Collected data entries
▼▼▼
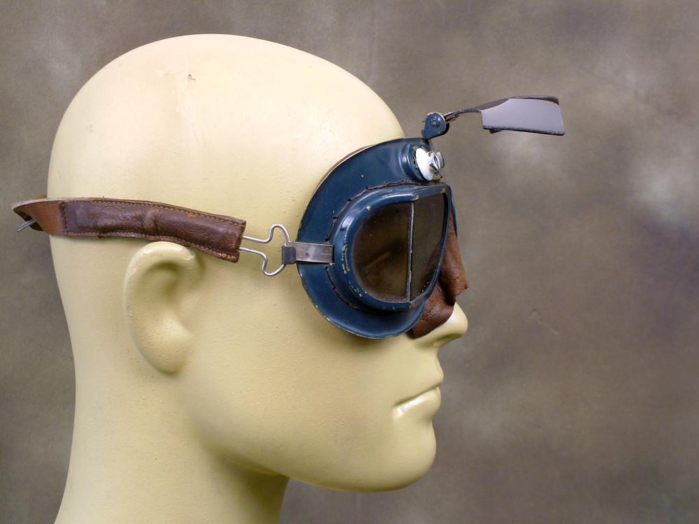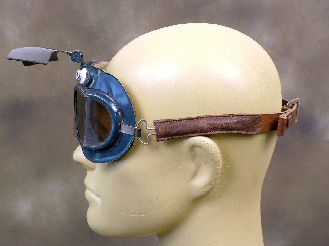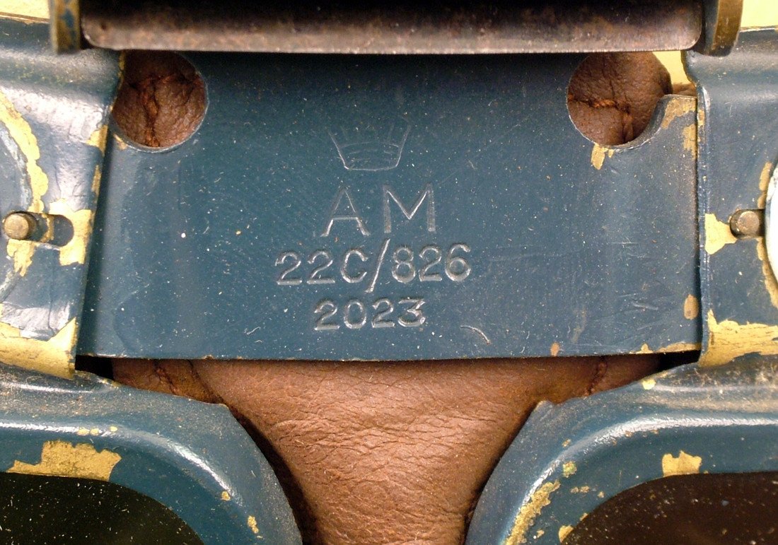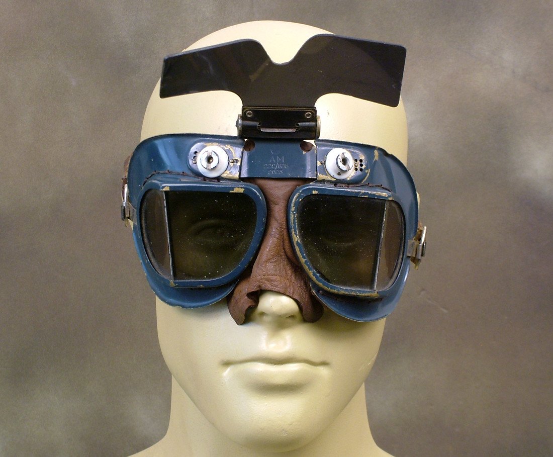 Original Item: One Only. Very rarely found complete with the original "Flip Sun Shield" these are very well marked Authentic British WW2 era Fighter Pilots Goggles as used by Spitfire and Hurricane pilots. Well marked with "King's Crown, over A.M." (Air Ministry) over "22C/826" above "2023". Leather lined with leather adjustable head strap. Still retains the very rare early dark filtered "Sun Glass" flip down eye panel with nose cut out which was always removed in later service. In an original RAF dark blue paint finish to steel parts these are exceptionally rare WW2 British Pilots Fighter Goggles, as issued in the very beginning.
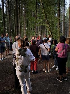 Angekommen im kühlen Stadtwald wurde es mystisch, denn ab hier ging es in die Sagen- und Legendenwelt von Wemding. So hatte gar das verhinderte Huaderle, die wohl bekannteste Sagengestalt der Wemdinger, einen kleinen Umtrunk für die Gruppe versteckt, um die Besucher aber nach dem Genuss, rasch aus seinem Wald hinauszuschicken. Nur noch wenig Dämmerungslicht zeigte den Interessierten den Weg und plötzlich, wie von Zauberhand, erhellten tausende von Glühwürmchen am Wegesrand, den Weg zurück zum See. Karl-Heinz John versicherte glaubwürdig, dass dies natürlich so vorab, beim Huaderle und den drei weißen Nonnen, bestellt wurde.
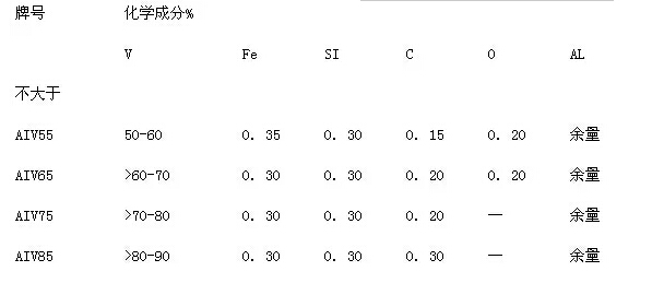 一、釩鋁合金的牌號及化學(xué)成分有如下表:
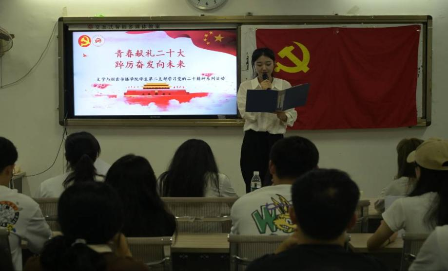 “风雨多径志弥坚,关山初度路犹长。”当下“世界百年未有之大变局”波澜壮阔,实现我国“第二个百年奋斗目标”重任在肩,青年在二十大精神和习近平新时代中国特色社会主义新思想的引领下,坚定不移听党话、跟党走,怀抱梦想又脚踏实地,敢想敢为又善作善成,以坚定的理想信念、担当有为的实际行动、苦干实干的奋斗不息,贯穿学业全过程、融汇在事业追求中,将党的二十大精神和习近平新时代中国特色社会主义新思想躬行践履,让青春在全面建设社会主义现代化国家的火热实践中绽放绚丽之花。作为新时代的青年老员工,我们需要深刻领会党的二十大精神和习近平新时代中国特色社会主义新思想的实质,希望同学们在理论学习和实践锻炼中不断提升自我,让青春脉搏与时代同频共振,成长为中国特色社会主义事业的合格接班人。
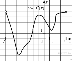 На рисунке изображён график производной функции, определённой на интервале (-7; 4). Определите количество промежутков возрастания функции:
▲▲▲
WHAT THE TASK ASKS:
Pictures do not go in the copy; print every entry exactly as it stands.

EXERCISE RESPONSE:
 Original Item: One Only. Very rarely found complete with the original "Flip Sun Shield" these are very well marked Authentic British WW2 era Fighter Pilots Goggles as used by Spitfire and Hurricane pilots. Well marked with "King's Crown, over A.M." (Air Ministry) over "22C/826" above "2023". Leather lined with leather adjustable head strap. Still retains the very rare early dark filtered "Sun Glass" flip down eye panel with nose cut out which was always removed in later service. In an original RAF dark blue paint finish to steel parts these are exceptionally rare WW2 British Pilots Fighter Goggles, as issued in the very beginning.
 Angekommen im kühlen Stadtwald wurde es mystisch, denn ab hier ging es in die Sagen- und Legendenwelt von Wemding. So hatte gar das verhinderte Huaderle, die wohl bekannteste Sagengestalt der Wemdinger, einen kleinen Umtrunk für die Gruppe versteckt, um die Besucher aber nach dem Genuss, rasch aus seinem Wald hinauszuschicken. Nur noch wenig Dämmerungslicht zeigte den Interessierten den Weg und plötzlich, wie von Zauberhand, erhellten tausende von Glühwürmchen am Wegesrand, den Weg zurück zum See. Karl-Heinz John versicherte glaubwürdig, dass dies natürlich so vorab, beim Huaderle und den drei weißen Nonnen, bestellt wurde.
 一、釩鋁合金的牌號及化學(xué)成分有如下表:
 “风雨多径志弥坚,关山初度路犹长。”当下“世界百年未有之大变局”波澜壮阔,实现我国“第二个百年奋斗目标”重任在肩,青年在二十大精神和习近平新时代中国特色社会主义新思想的引领下,坚定不移听党话、跟党走,怀抱梦想又脚踏实地,敢想敢为又善作善成,以坚定的理想信念、担当有为的实际行动、苦干实干的奋斗不息,贯穿学业全过程、融汇在事业追求中,将党的二十大精神和习近平新时代中国特色社会主义新思想躬行践履,让青春在全面建设社会主义现代化国家的火热实践中绽放绚丽之花。作为新时代的青年老员工,我们需要深刻领会党的二十大精神和习近平新时代中国特色社会主义新思想的实质,希望同学们在理论学习和实践锻炼中不断提升自我,让青春脉搏与时代同频共振,成长为中国特色社会主义事业的合格接班人。
 На рисунке изображён график производной функции, определённой на интервале (-7; 4). Определите количество промежутков возрастания функции:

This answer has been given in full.